Leave the pictures out and restate every line below exactly.

» **Data extract**
*** Begin section ***
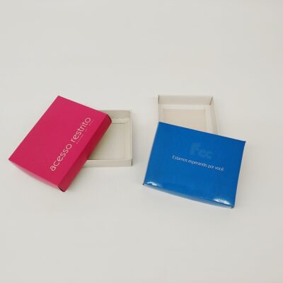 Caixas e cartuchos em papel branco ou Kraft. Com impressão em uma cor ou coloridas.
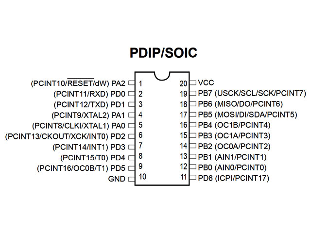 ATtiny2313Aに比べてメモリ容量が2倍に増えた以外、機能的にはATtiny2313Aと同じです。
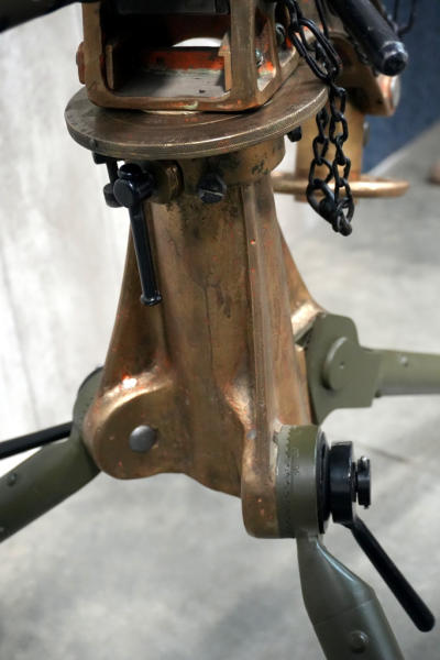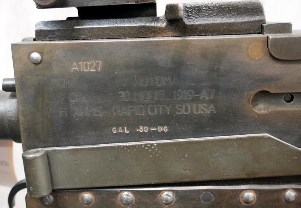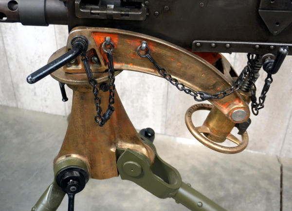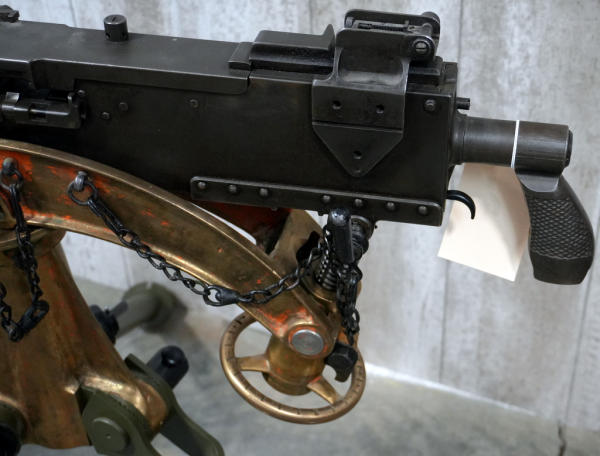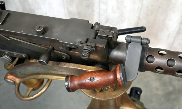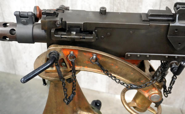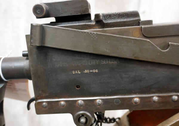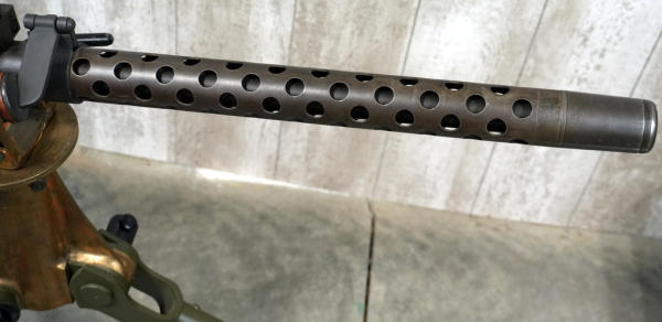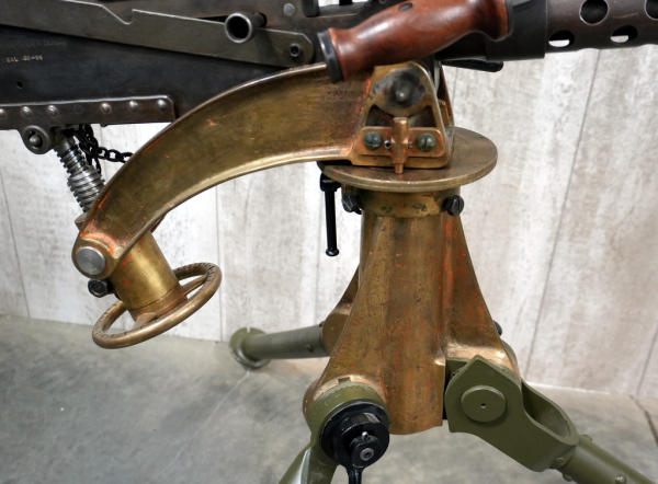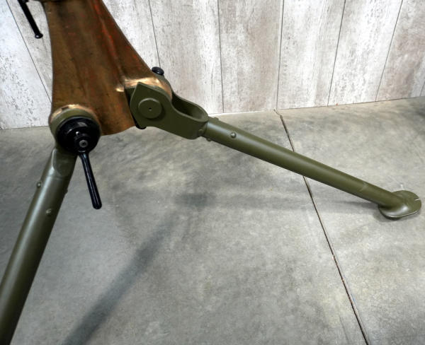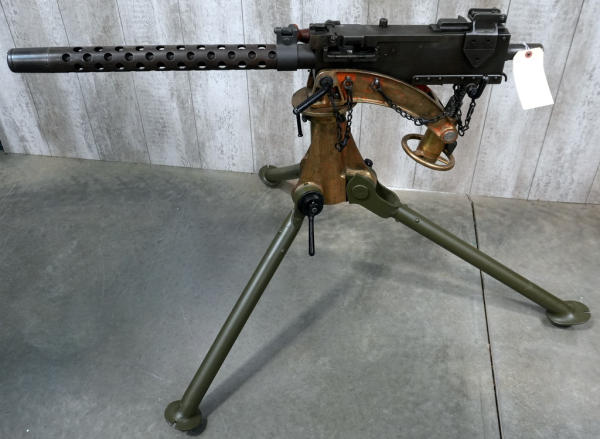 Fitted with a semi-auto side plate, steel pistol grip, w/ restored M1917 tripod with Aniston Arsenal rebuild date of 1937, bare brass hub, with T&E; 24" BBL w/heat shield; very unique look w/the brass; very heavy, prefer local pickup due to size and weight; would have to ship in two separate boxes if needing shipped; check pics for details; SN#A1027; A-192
*** End section ***
» **Exercise answer**
 Caixas e cartuchos em papel branco ou Kraft. Com impressão em uma cor ou coloridas.
 ATtiny2313Aに比べてメモリ容量が2倍に増えた以外、機能的にはATtiny2313Aと同じです。
 Fitted with a semi-auto side plate, steel pistol grip, w/ restored M1917 tripod with Aniston Arsenal rebuild date of 1937, bare brass hub, with T&E; 24" BBL w/heat shield; very unique look w/the brass; very heavy, prefer local pickup due to size and weight; would have to ship in two separate boxes if needing shipped; check pics for details; SN#A1027; A-192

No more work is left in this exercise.